A recent development in the Punjab Assembly raises questions about the assembly’s commitment to transparency and accountability, as well as its willingness to uphold the laws it has enacted.
On February 10 of this year, the Punjab Assembly was requested to provide information regarding privilege motions/questions submitted by its members and questions/motions forwarded to the Standing Committees for discussions.
However, the Public Information Officer (PIO) of the Punjab Assembly neither acknowledged the information request nor responded to the question. The matter was brought before the Punjab Information Commission, which prompted the PIO to respond via a letter dated March 27.
In the letter, the PIO refused to provide the requested information, citing section 10(3) of the RTI Act, the Punjab Transparency and Right to Information Act, 2013, and an order passed by the Punjab Information Commission in a complaint titled Hassan Raza vs Punjab Assembly.
The order states that citizens can only seek one category of specific information per RTI application with necessary details and an adequate description.
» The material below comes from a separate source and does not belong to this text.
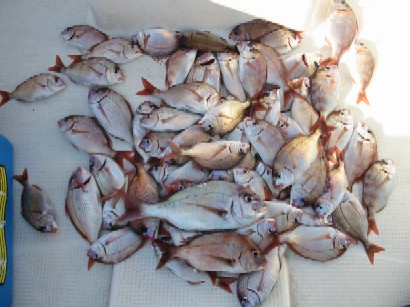 ・ゲンさんと2人で敦賀湾沖にてフカセ&五目に釣行 ・天候は曇り時々晴れ、風・波はほとんどなし ・マダイ(40cm,30cm)2匹、メンカ(30cm〜25cm)73匹の釣果。 ・フカセでは4時間ねばったが青物こず。マダイのみ。 ・お土産確保のため五目釣りに変更。メンカ超爆釣!!!4匹連なってあがってくることが多かった。過去最大の数釣りでした。メンカ釣りは約2時間の釣果で73匹でした。 ・メンカは脂ものっており、塩焼き最高です! |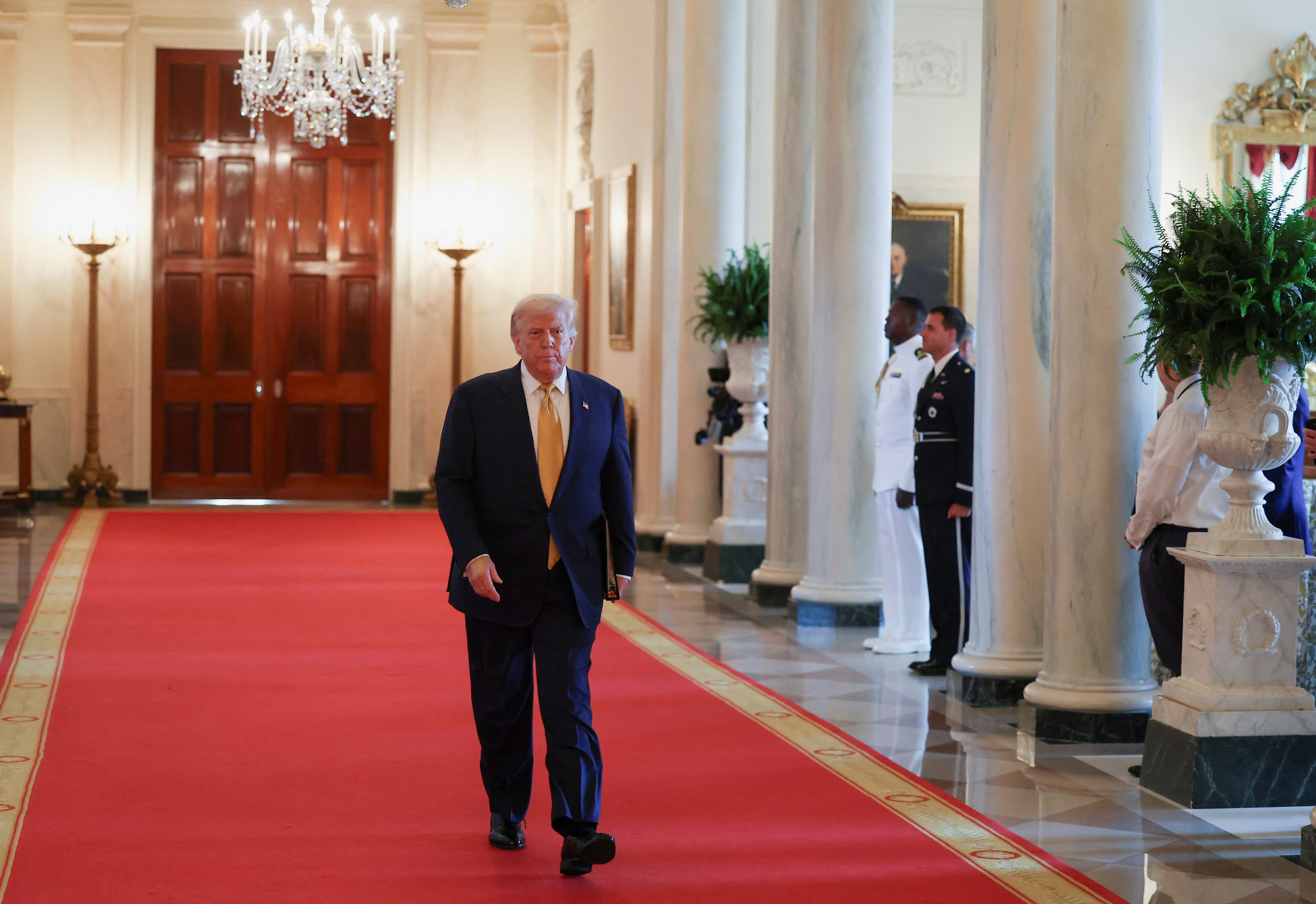 2025年7月16日,美國總統唐納德·特朗普在華盛頓特區白宮東廳簽署《停止芬太尼法案》當日行走。路透社/Umit Bektas 購買授權 許可,打開新標籤頁7月16日(路透社) - 白宮週三表示,美國總統唐納德·特朗普計劃於週四下午東部時間16:00(格林尼治時間20:00)簽署行政命令,但未具體説明這些命令的主題。

The letter deemed the application “not maintainable” based on the Commission’s decision under section 10(3) of the act.
In response to the objection raised by the Punjab Assembly, the Punjab Information Commission passed an order on Monday, stating that the Commission disagrees with the objection that adequate description and necessary details were not provided.
However, the complainant should have filed separate applications for questions forwarded to the standing committee along with recommendations, privileges reports, and copies of the standing committee on privileges report. To make the furnishing of information practicable, the commission decided that the PIO may provide all three categories of information one by one.
It is worth noting that a similar information request was also made to the National Assembly on November 08, 2021. The matter was heard by the Pakistan Information Commission, which on June 01, 2022, passed a detailed verdict allowing the appeal and directing the National Assembly to provide the requested information.
The Commission’s order states that the requested information is a public record as defined under the Right of Access to Information Act, 2017. Citizens have the fundamental and statutory right to access the record and information, and it is a matter of public importance.
The Punjab Assembly’s refusal to provide the requested information raises concerns about its commitment to transparency and accountability. As lawmakers, they have a responsibility to uphold the laws they have enacted, including the Punjab Transparency and Right to Information Act. It remains to be seen if the Punjab Information Commission will take further action to ensure the assembly complies with the law.